I've been testing with Chrony which seems like the right tool for the
job. The NTP synchronization works really well, but I can't seem to
get the power loss situation covered well.

My /etc/chrony.conf looks like this:

---
include /etc/chrony.d/00-custom.conf

pool 0.pool.ntp.org iburst
pool 1.pool.ntp.org iburst
pool 2.pool.ntp.org iburst
pool 3.pool.ntp.org iburst

makestep 1.0 3
driftfile /var/lib/chrony/drift
rtcfile /var/lib/chrony/rtc
rtcautotrim 1
dumpdir /var/lib/chrony
logdir /var/log/chrony
log tracking
---

The extra configuration file '/etc/chrony.d/00-custom.conf' is empty
for now, but lives in persistent memory, the root filesystem is
readonly. Of course /var is writable too.

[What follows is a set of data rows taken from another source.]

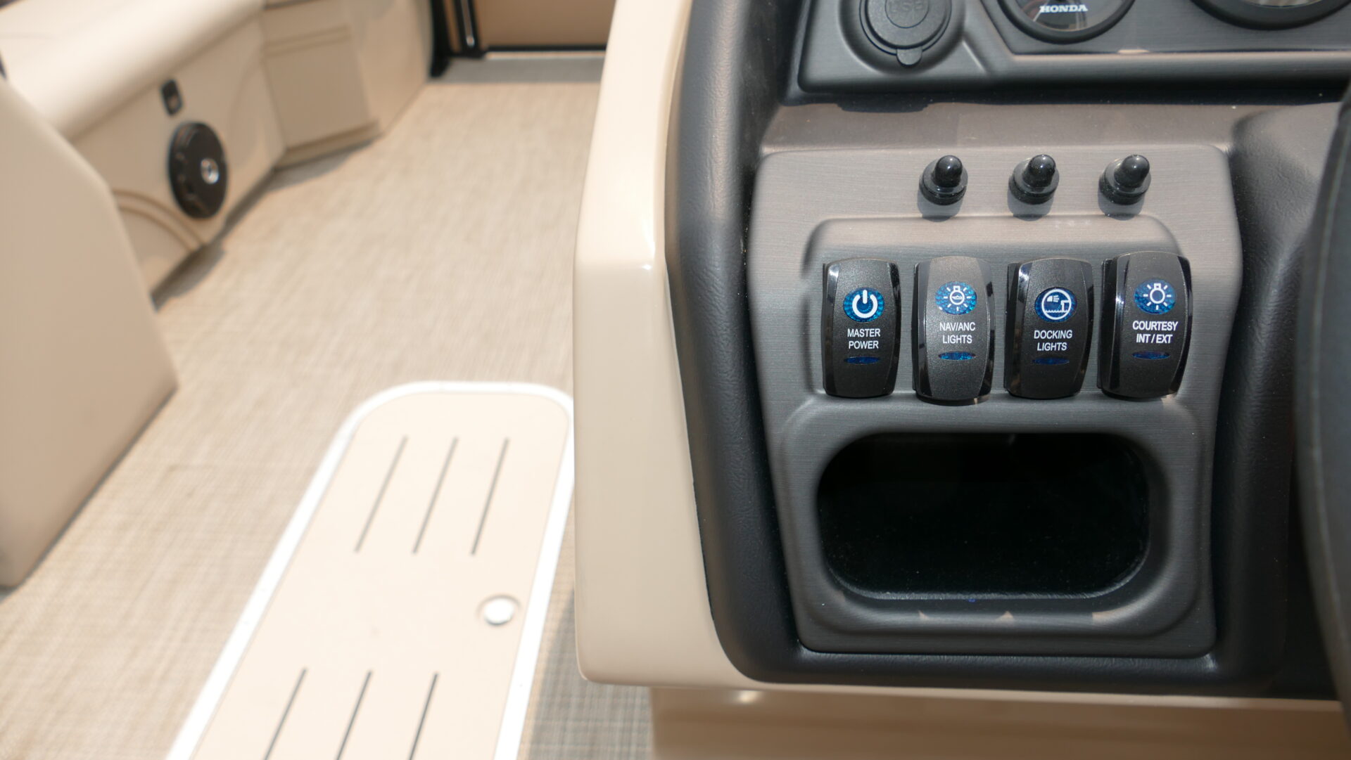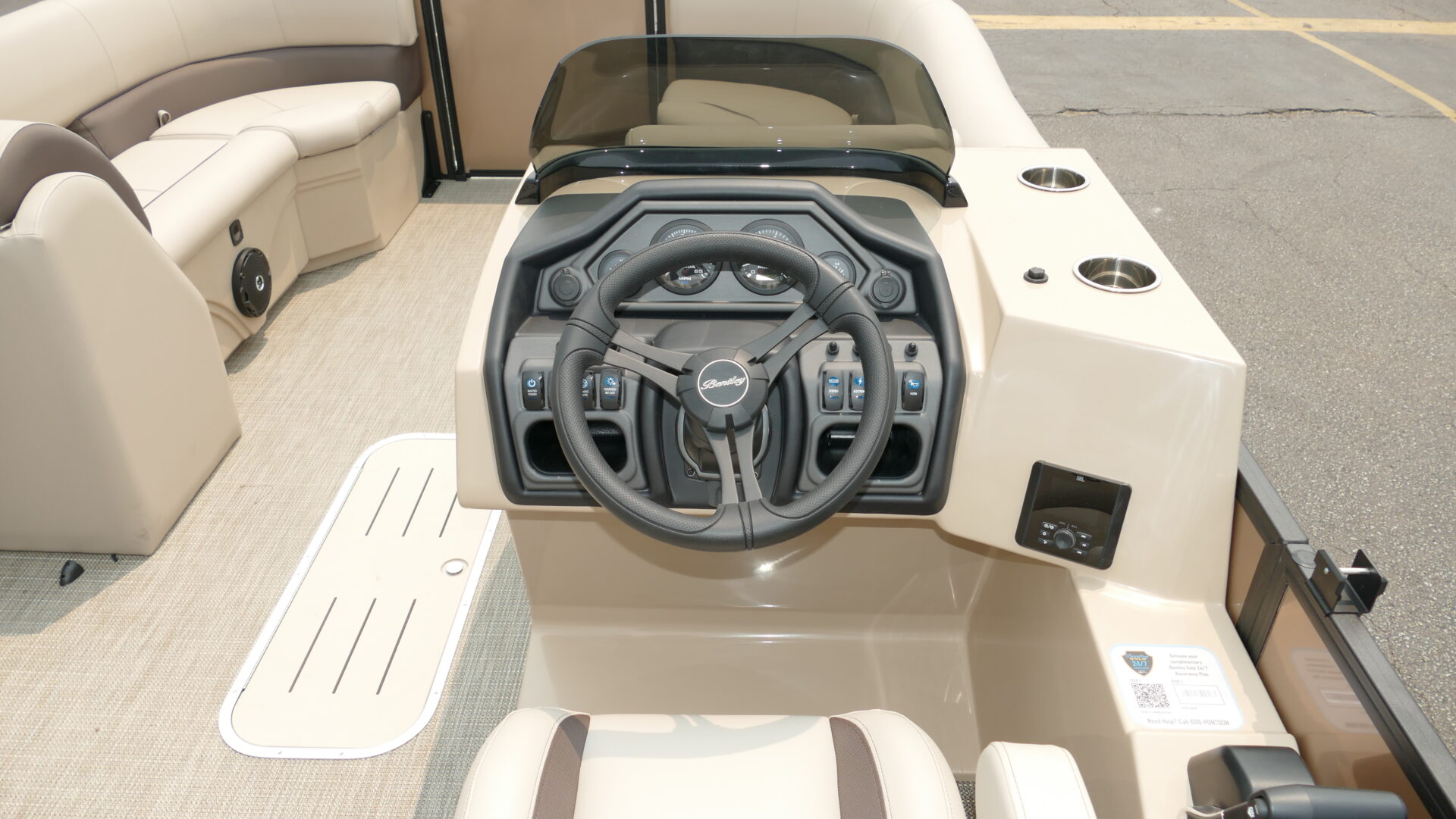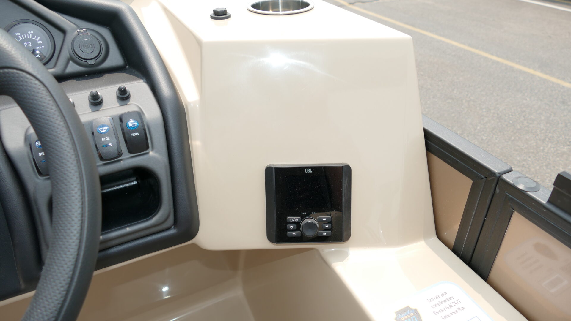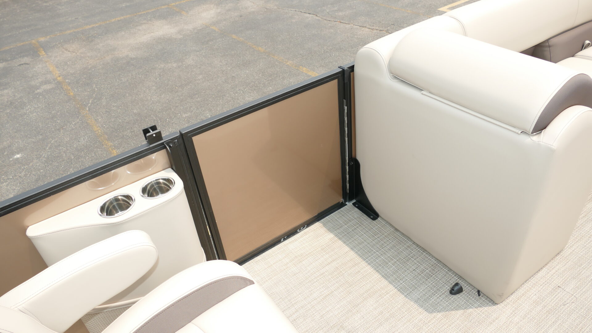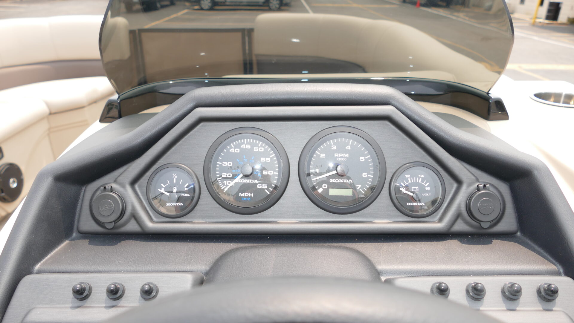 Exterior Colors : Champagne, Exterior Accent Color: Matte Black, Rail Color : Textured Black, Interior Colors : Tan, Flooring : Tan Seagrass Full Length Flooring. Honda BF150DLRA 4 Stroke, Sport Tri Toon Package: Lifting Strakes, Underskin, And Seastar Hydraulic Tilt Steering, SE Package Includes: Soft Touch Upholstery, Stainless Steel Cup Holders, Integrated Cupholders, In Floor Ski Locker, Ski Tow Bar, Windshield, 10′ Black Bimini Top Frame, Black Graphics Package, Playpen Cover, Aluminum Propeller, Installed Battery Cables With Cutoff, Honda Gauges, 1-24 Series Battery, Fire Extinguisher, Lifetime Plus 5 Year Warranty. Trailer Available For An Additional Cost.
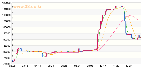 장외가가 오늘 91,500원에서 79,000원으로 14%정도 급락했습니다.
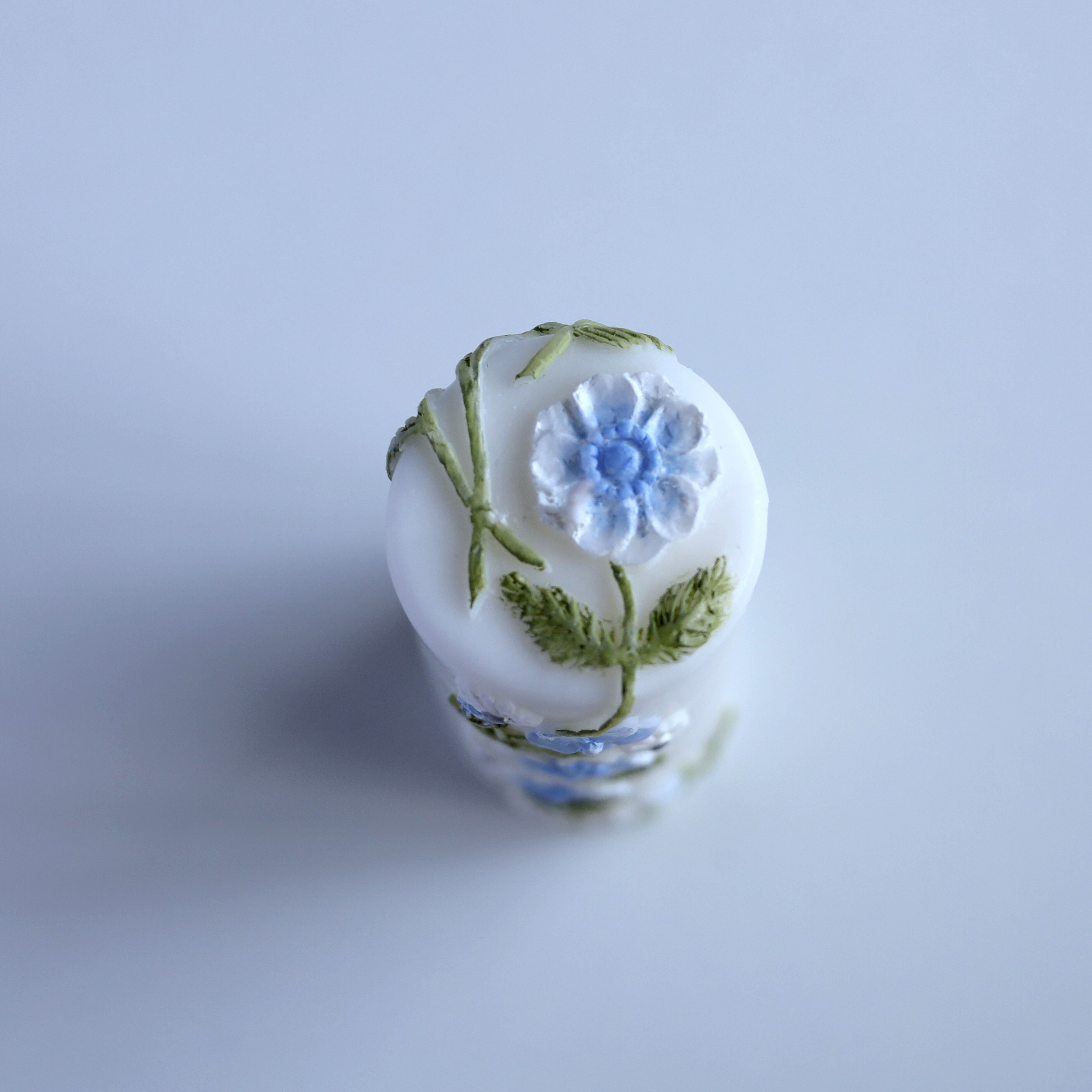 レリーフキャンドル「蝶とアネモネの園」ホワイト×ブルー
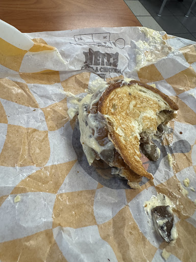 Read moreOh boy - where to start....So we stopped through for a "fast" burger and a pit stop. When I came inside, there was a line of 5-6 people - which I figured couldn't take too long.....wrong! While the young guy working appeared to be relatively new (and it's never fun to be new), he had to flag down the manager a few times to help with orders. The manager was pretty busy and obviously flustered.... After about 10 minutes, I got up to order. I ordered a couple fish sandwiches and a chicken burger to go. I hit the bathroom - which was out of paper towels. I mistakenly assumed that things had to go up from here. Nope.....10 minutes after ordering, people after me were getting there food. I was told my food was coming. After another 10 minutes, it was pretty obvious they forgot about my order. I flagged the guys down and it was confirmed - burgers were ready, but they forgot! So, after about 35 minutes - we were able to take off from the "fast food" restaurant. They didn't throw in any napkins, but at least they got my order right!
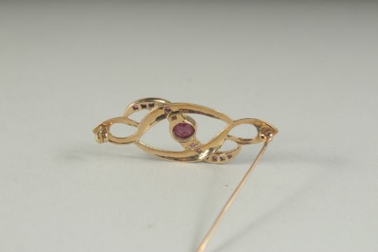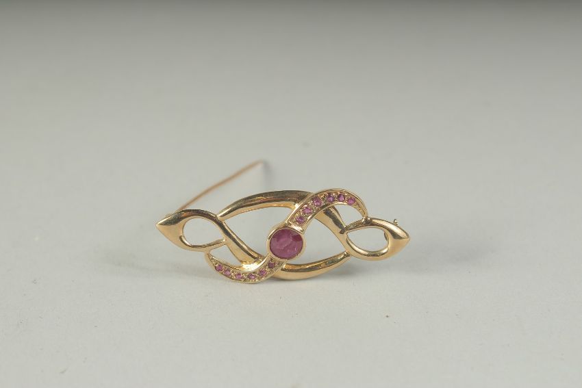 A 9CT GOLD RUBY SET BROOCH, boxed.
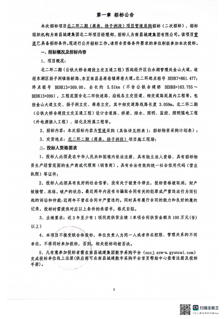 必赢亚州242.net集团北二环二期(蒋巷、扬子洲段)项目管道采购(二次招标)招标公告
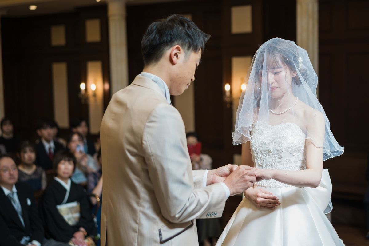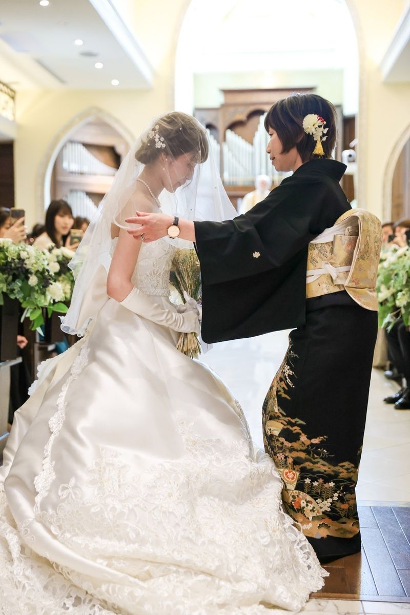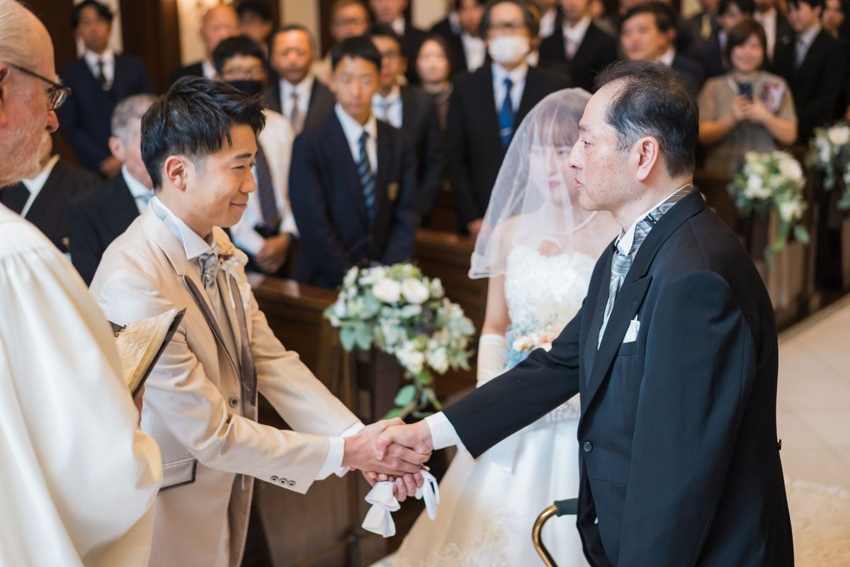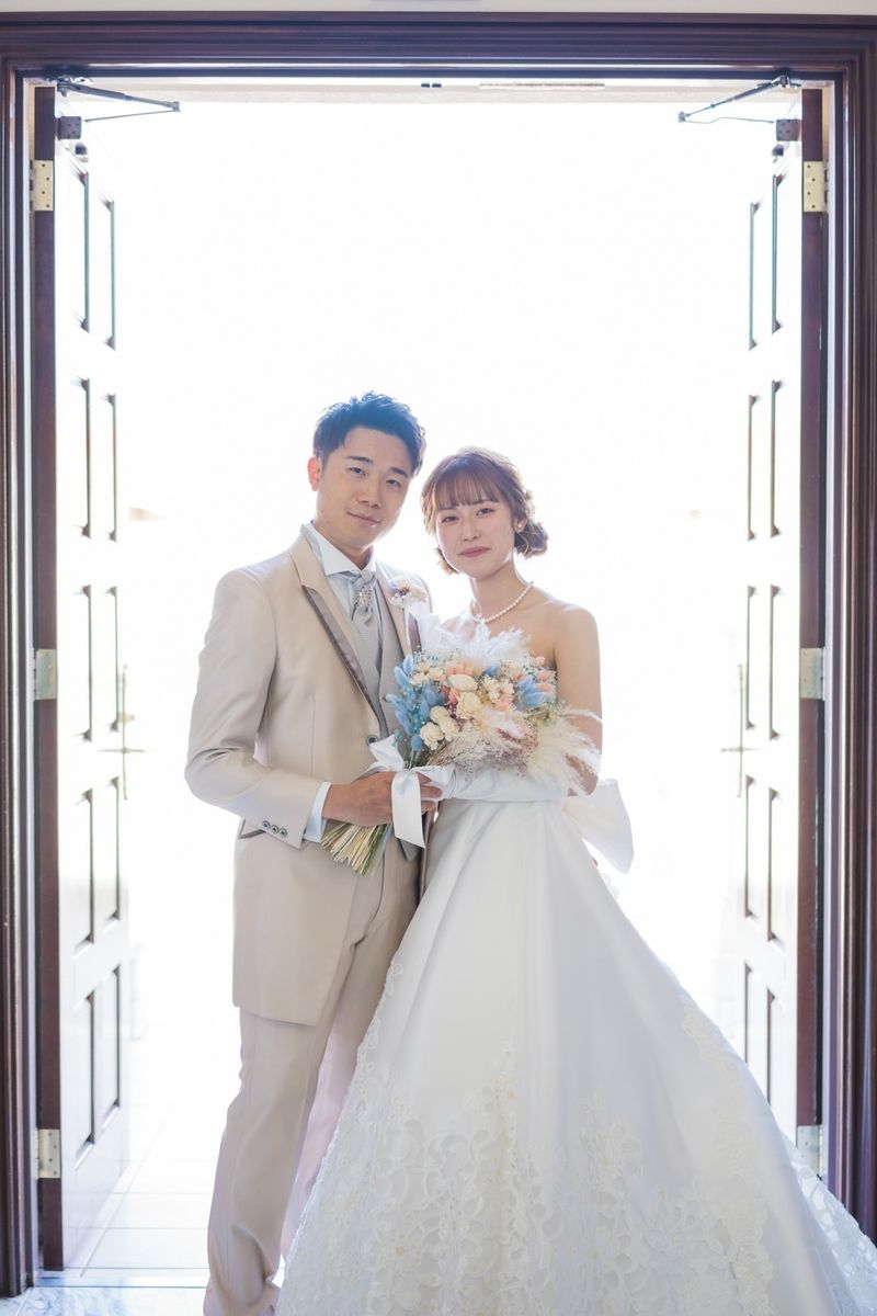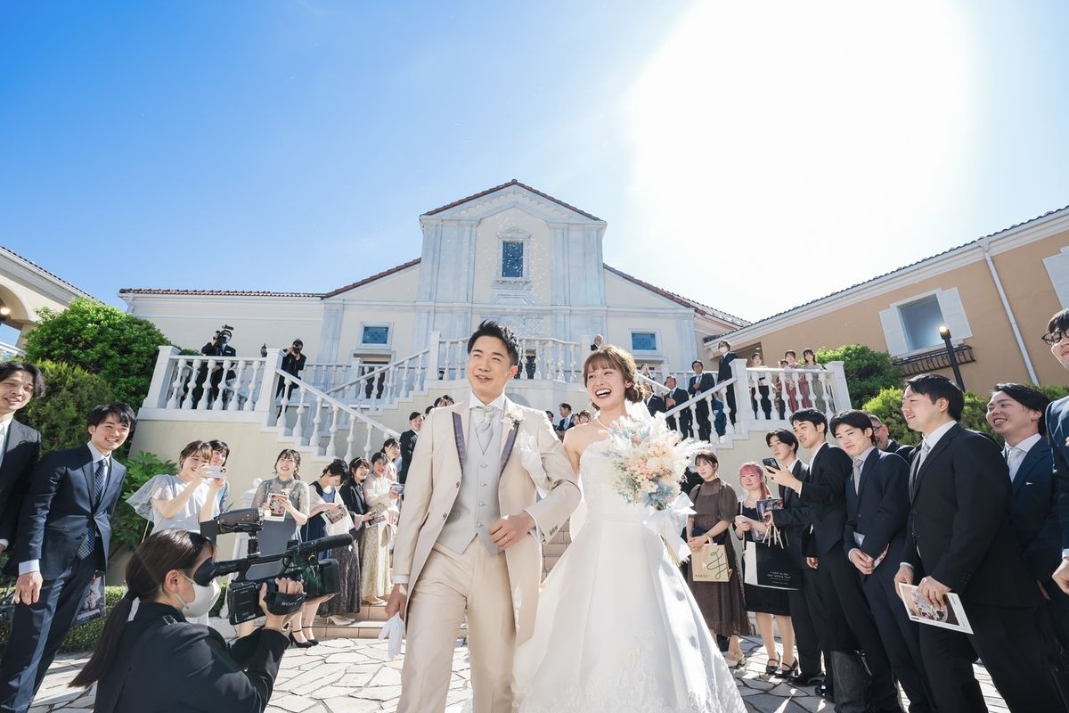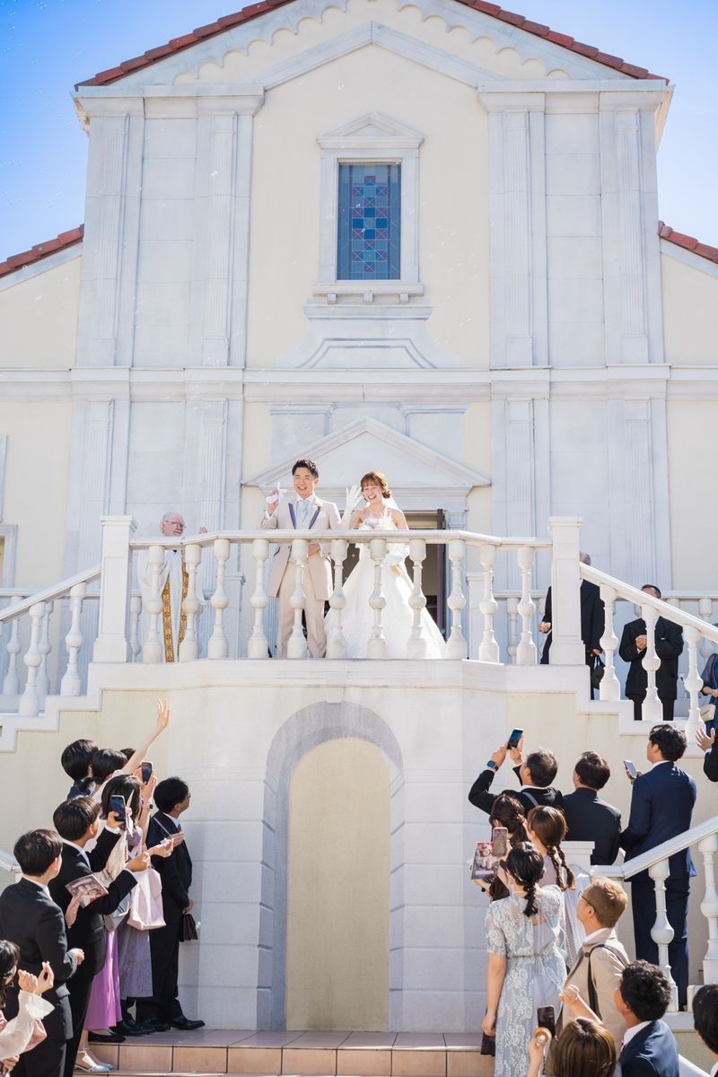 式場の正面にパイプオルガンがあるところ、床が白くご新郎ご新婦の姿が綺麗に反射するところが、おふたりのお気に入りポイントだそう。また、壁や椅子が木目調なところも「シンプルだけど落ち着く」と気に入ってくださいました。 当日は、ご新婦入場の前にセレモニームービーを流して、今までの人生を振り返り、感謝の気持ちを伝える演出を行ないました。感動で大号泣されているご友人もいて、印象的なシーンとなりました。

I'm using systemd as the startup management system, and have chronyd
set to start up with "-s -r":

---
$ cat /etc/default/chronyd
export OPTIONS='-s -r'
---

This will pass the $OPTIONS to the system service file. But I don't
really know how to verify this.

My observation with power loss simulations is that the system keeps on
jumping back in time (~a week). What I do is I break the internet
connection such that the NTP synchronization is lost, then pull the
power plug, re-insert the power plug (but leave the internet
connection broken). As far as I could read in the documentation,
Chrony should be able to pick up the last modification time from the
driftfile, but this file is not always there. Is there some other way
to force resetting the time at boot to the last modification time
until NTP synchronization is restored?

Any help is appreciated, thanks in advance!